* How to complete this task: Return each record word for word and omit the pictures.

[Supplied information — start]

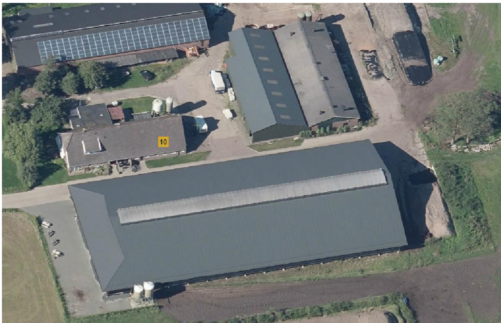
Figuur 1 - Bovenaanzicht locatie

Dit project wordt uitgevoerd op het dak van de nieuwe stal van de maatschap Langenkamp-Niens, op Vennenbergweg 10, 7722 JE Dalfsen. Zon op Vilsteren heeft de formele bevestiging gekregen dat de draagconstructie van het dak voldoende sterk is om het extra gewicht van de zonnepanelen te kunnen dragen.
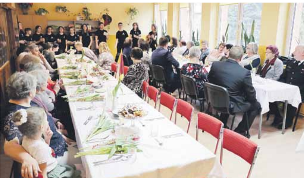
Spotkanie umilił występ handzłowskich harcerzy i zuchów
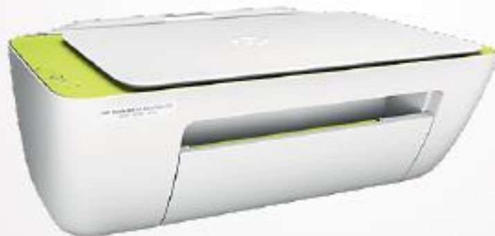
Impresora HP 2135
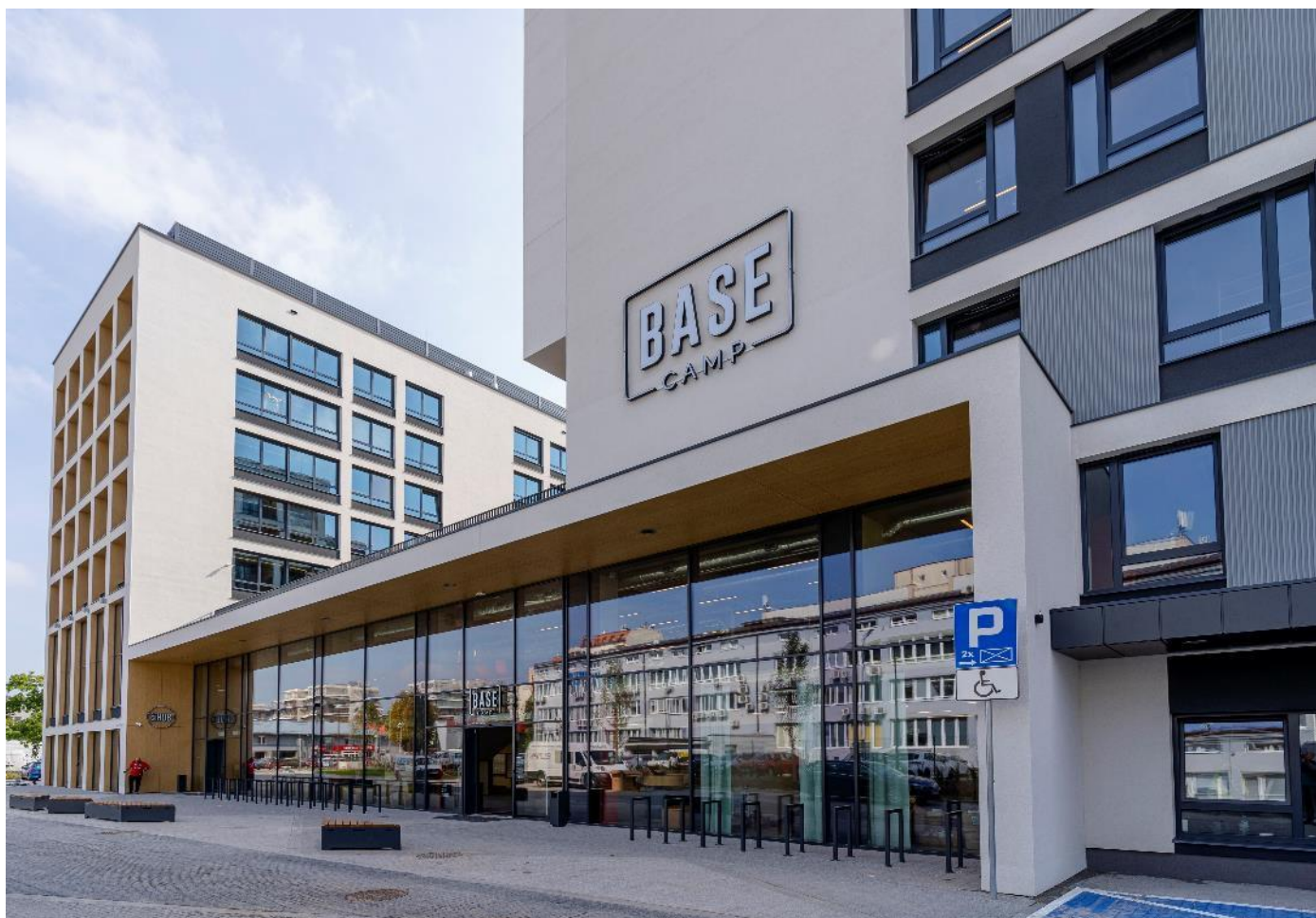
Dom studencki BaseCamp w Katowicach
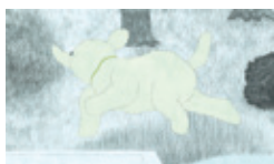
《私の沼》2017年、HDビデオ5面 My Marsh, 2017, 5 channel HD video

国内外の映画祭で注目を集めるアニメーション作家・和田淳氏の公立美術館での初個展。一枚一枚手で描かれるやわらかでぬくもりのある線と、シニールなキャラクターが醸し出す「間」による独特の和ワールド。今回は氏が初挑戦した複数画面で構成される新作映像インスタレーションも発表される。
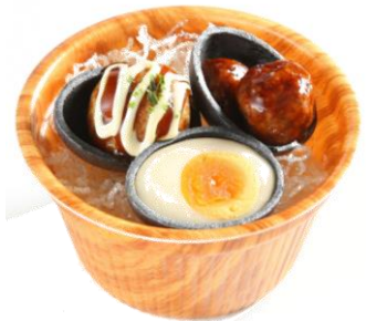
小涌園のわき園名物 黒タマ(大人味・子供味)500円
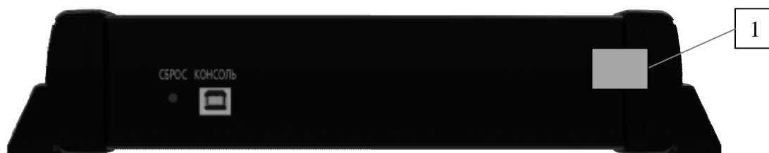
Рисунок 2 – Внешний вид анализаторов. Панель верхняя
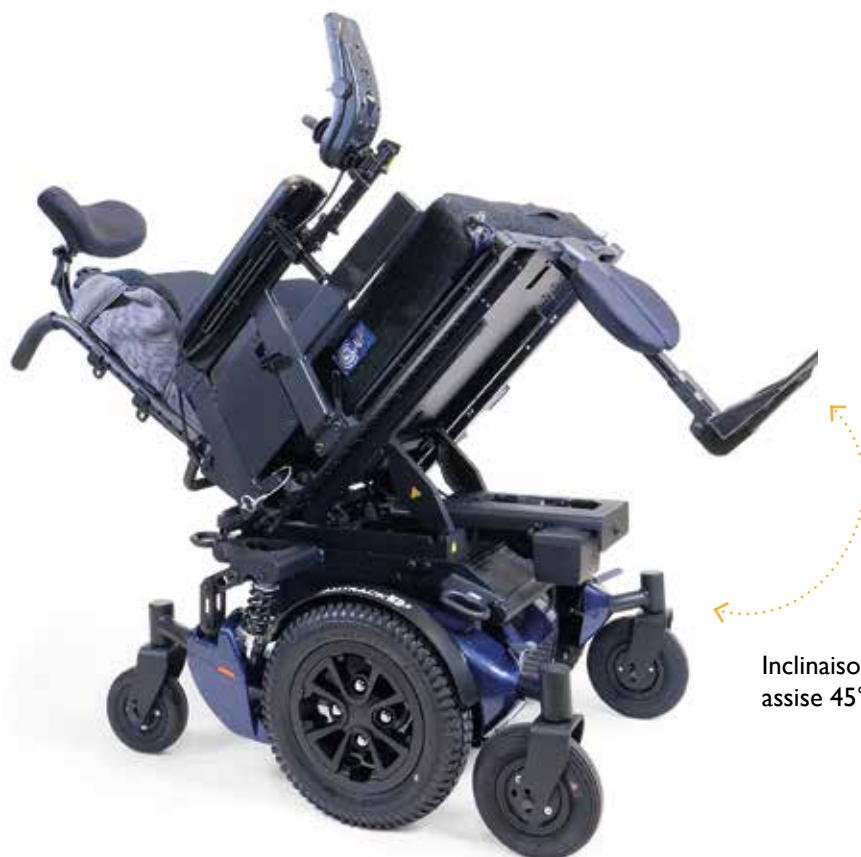
Inclinaison électrique assise 45°
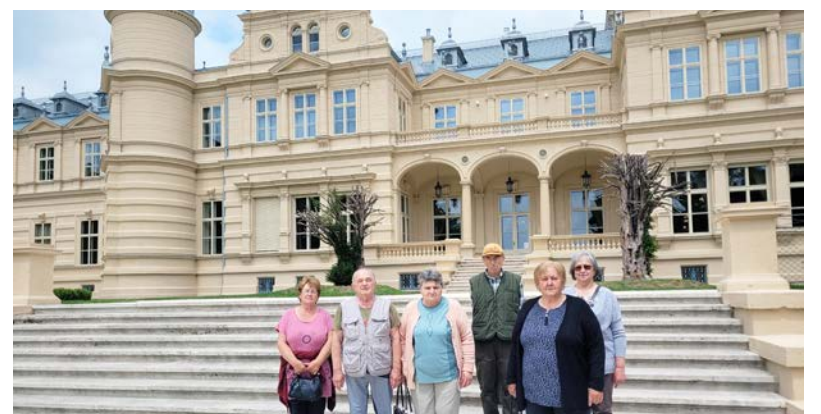
A tárlatvezetés során sok történetet hallhattak a résztvevők

[Supplied information — finish]

* Solution to this exercise:
Figuur 1 - Bovenaanzicht locatie

Dit project wordt uitgevoerd op het dak van de nieuwe stal van de maatschap Langenkamp-Niens, op Vennenbergweg 10, 7722 JE Dalfsen. Zon op Vilsteren heeft de formele bevestiging gekregen dat de draagconstructie van het dak voldoende sterk is om het extra gewicht van de zonnepanelen te kunnen dragen.
Spotkanie umilił występ handzłowskich harcerzy i zuchów
Impresora HP 2135
Dom studencki BaseCamp w Katowicach
《私の沼》2017年、HDビデオ5面 My Marsh, 2017, 5 channel HD video

国内外の映画祭で注目を集めるアニメーション作家・和田淳氏の公立美術館での初個展。一枚一枚手で描かれるやわらかでぬくもりのある線と、シニールなキャラクターが醸し出す「間」による独特の和ワールド。今回は氏が初挑戦した複数画面で構成される新作映像インスタレーションも発表される。
小涌園のわき園名物 黒タマ(大人味・子供味)500円
Рисунок 2 – Внешний вид анализаторов. Панель верхняя
Inclinaison électrique assise 45°
A tárlatvezetés során sok történetet hallhattak a résztvevők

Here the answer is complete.